What could that inside wetness feel like? How would it feel to be so wet you could finally orgasm? She had heard so many stories of what orgasms felt like from the women in her life. She wanted to know what it was like to feel those waves of hot move her toward that kind of bliss. Because that would feel entirely different to the burning feel of splintering rope moving in and outside of her every time she did have sex, like she was part of some stupid herd of cattle, taking turns, trudging forward and backward under a dark-gray sky.

She restarted the engine and sped through all the yellow lights down St. Francis Drive.

Carrie’s house was a two-story gray adobe located in the north part of town, just off West Alameda and close to the small co-op and a coffee shop where hipsters hung out and wrote poetry and screenplays. As soon as Bella got out of her car, half a dozen black cats swarmed around her feet. “Oh, pardon me, excuse me!” she said, and laughed as they purred and rubbed against her calves.

“Well, hello there, stranger!” Carrie ignored Bella’s hand and came in for a hard hug instead. It took Bella’s breath away. “Nice hair. You look good.” Carrie had makeup on and her hair was swept up in a tight bun, but her large brown eyes were the same. Large and full of gold and black specks.

“Oh, thank you. It needs a cut.” Bella ran her fingers through it. It had never felt so dry.

“Well, I can see you’ve met the posse. Turns out the black cat superstition is especially strong in a town like Santa Fe. But it’s not their fault how they look, is it?”

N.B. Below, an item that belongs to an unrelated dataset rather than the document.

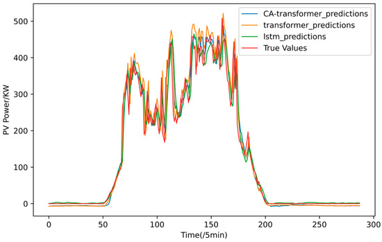 To further illustrate the predictive effect of the established photovoltaic power generation model based on the CA-Transformer, it is compared with models established based on LSTM and the Transformer. The RMSE, MAE, and R2 were used to quantitatively evaluate the prediction effects of each model, and the prediction errors of the test samples are shown in Table 4.

Bella looked down at a cat with different-colored eyes and decided he was the cutest of the bunch.

Carrie picked him up. “Well hello, Oscar!” she said into his face, before motioning Bella to follow her. “So,” she called over her shoulder, “I guess you haven’t lived here long enough to know you’ll have to put gobs of coconut oil into your hair. It’ll help with the dryness, I promise!”

Bella followed Carrie down the cool hallway and into a large kitchen with terra-cotta tile floors and a kiva fireplace in the corner of the room. The whole space was flooded with color. It was beautiful.

“Wow,” Bella said, amazed. “I’ve never seen a fireplace inside a kitchen.”

“Yeah, it’s an old Santa Fe thing. You can have a fire while you’re making a snack.”

“My gosh, how nice.”

“Yeah, it’s a shame — most other houses around this area are like cinder-block dungeons. Made fast and cheap. Not with real wood ceilings or in the real adobe way. Come with me for a sec. I was just finishing up with something.”

Outside the kitchen, three large black pots stood three feet from one another. Each had a different design of turquoise inlay. “I’m just getting ready to ship these to a gallery in Texas.”

“Oh, are these yours? Amazing, Carrie! I had no idea.” Bella came in for a closer look.

“Yeah, they’re mine. Let me just finish this.” Carrie began cutting large swaths of bubble wrap before wrapping each vessel.

The last time they’d seen each other they were fourteen and probably friends because they’d been the token ethnic kids at their Catholic boarding school in New Hampshire. They’d always been shocked by how much their classmates owned. Their rooms were full of down duvets, feather mattresses, velvet hair accessories, plush rugs, Beverly Hills creams, and French perfumes. Even Bella’s and Carrie’s mothers, who both worked in restaurants, wouldn’t have been able to afford such fancy items. Bella did her homework in Carrie’s room because of all the rooms at the dorm, she felt most comfortable there. It smelled like fast food and chips and the linoleum floor was bare like in her own room.

“So, what have you been up to?” Bella managed to smile, knowing how flat and stupid her question must have sounded.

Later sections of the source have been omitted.